Pour encore établir l'insuffisance professionnelle reprochée à l'appelante, la société Umanis Investissement produit aux débats l'attestation de M. [R], ingénieur, qui devait l'aider pour la partie « forfait » de son activité et qui déclare avoir relevé chez la salariée une absence complète de compréhension des enjeux et du suivi financier budgétaire d'un projet au forfait ce qui entraînait une perte totale de confiance de la part des chefs de projet, directeurs de projet et une démotivation générale des équipes conduisant à des démissions régulières, ainsi que celle de Mme [Y] [J], chargée de l'assister pour la partie comptable, qui affirme que Mme [B] avait de faibles compétences en gestion et n'avait pu sans son aide mettre en place la planification de l'occupation des consultants sur les contrats clients.

L'employeur invoque également l'audit effectué en septembre 2011 au sein de l'unité confiée à la direction de Mme [B], qui a révélé une carence de pilotage avéré provoquant la dérive de nombreux projets.

L'auteur de l'audit précise dans son attestation que le processus d'estimation des charges pour vendre les projets donnait des résultats totalement faux et aberrants et cite l'exemple des tâches de saisie par des opératrices qui avaient été estimées à 10 secondes par tâche alors que celles-ci mettaient réellement huit minutes ce qui entraînait un impact majeur sur la marge des projets concernés par des tâches de saisie.

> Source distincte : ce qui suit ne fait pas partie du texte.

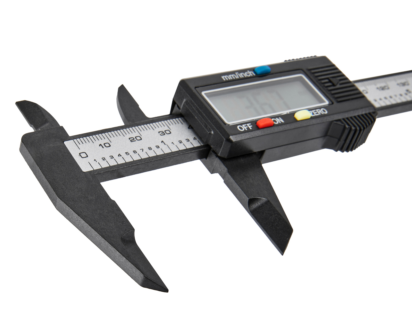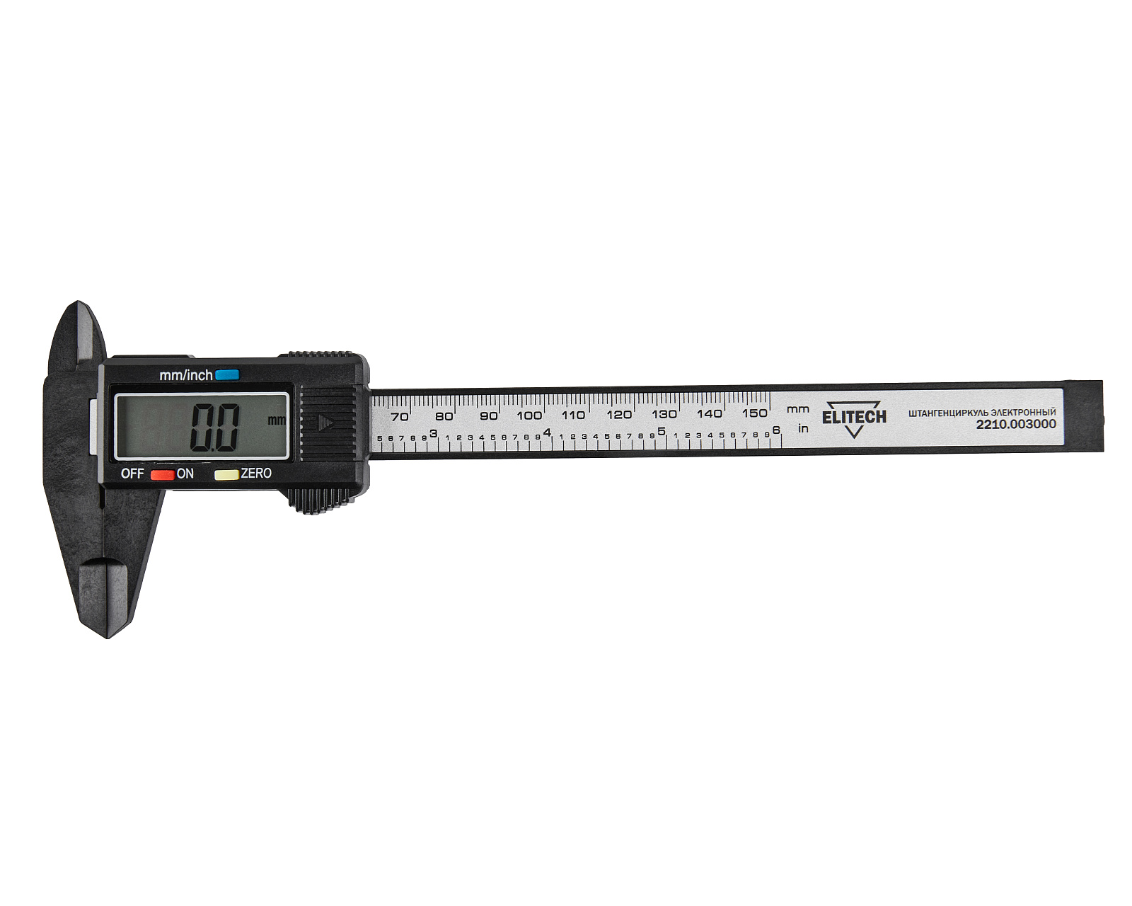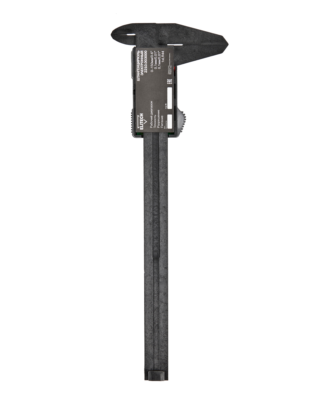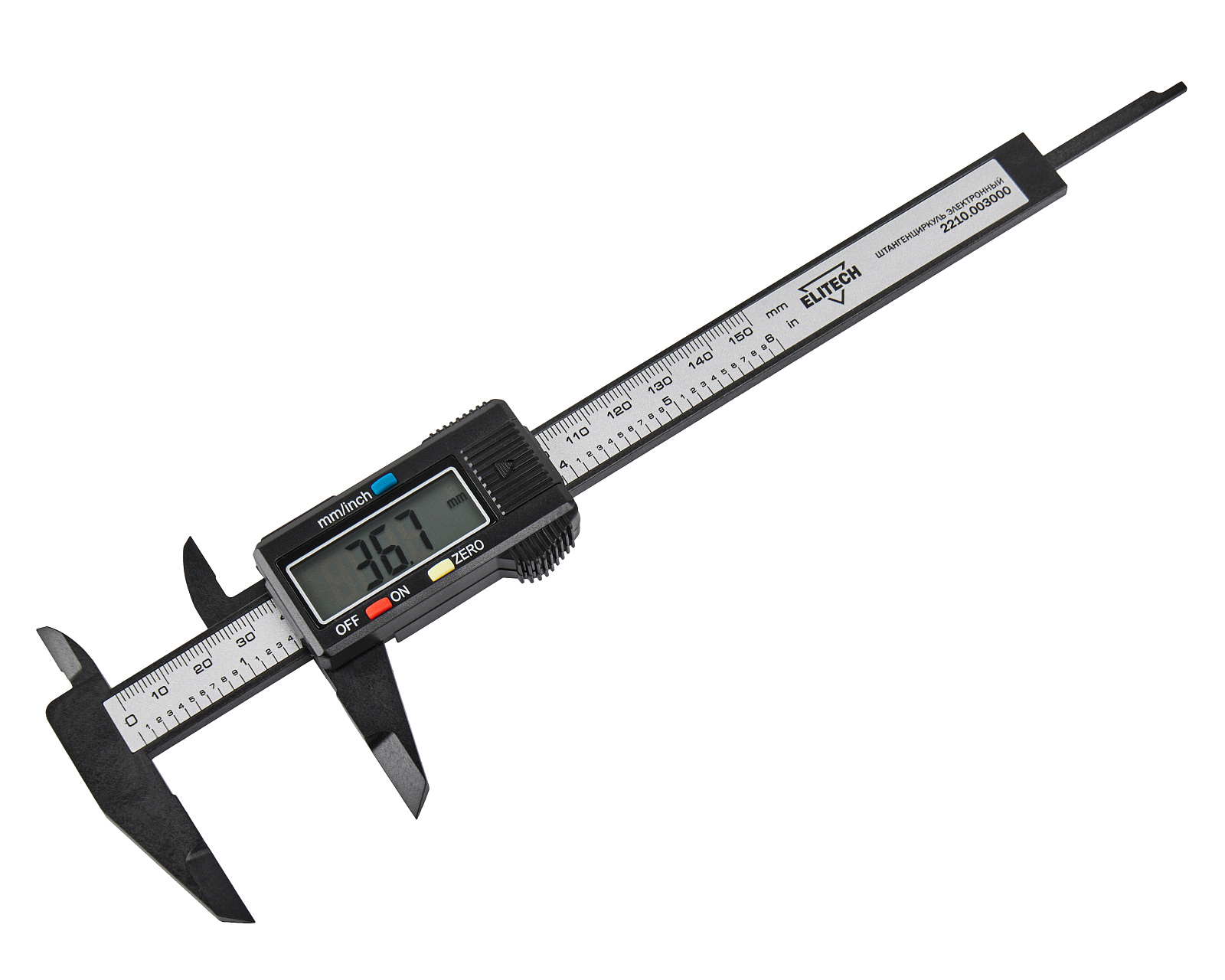 Штангенциркуль с цифровым дисплеем. Пластиковые губки. Выбор единицы измерения (дюймы или миллиметры). Измеряет внутренние и наружные диаметры, глубину отверстий и пазов.

Il ajoute qu'il n'y avait aucune gestion de risque et processus d'alerte, que le pilotage du périmètre des projets était très insuffisant, aucun planning n'étant utilisé, aucun suivi du reste à faire n'étant établi, le tout entraînant une constatation très tardive des dérives avec de graves impacts financiers sur les projets concernés.

L'employeur fait encore valoir que le 25 janvier 2011, il a constaté une situation de sur-effectif dans l'équipe de Mme [B] où il existait 140 jours « d'inter contrat » donc non facturables ce qui signifiait que certains salariés étaient rémunérés sans être affectés à des missions spécifiques.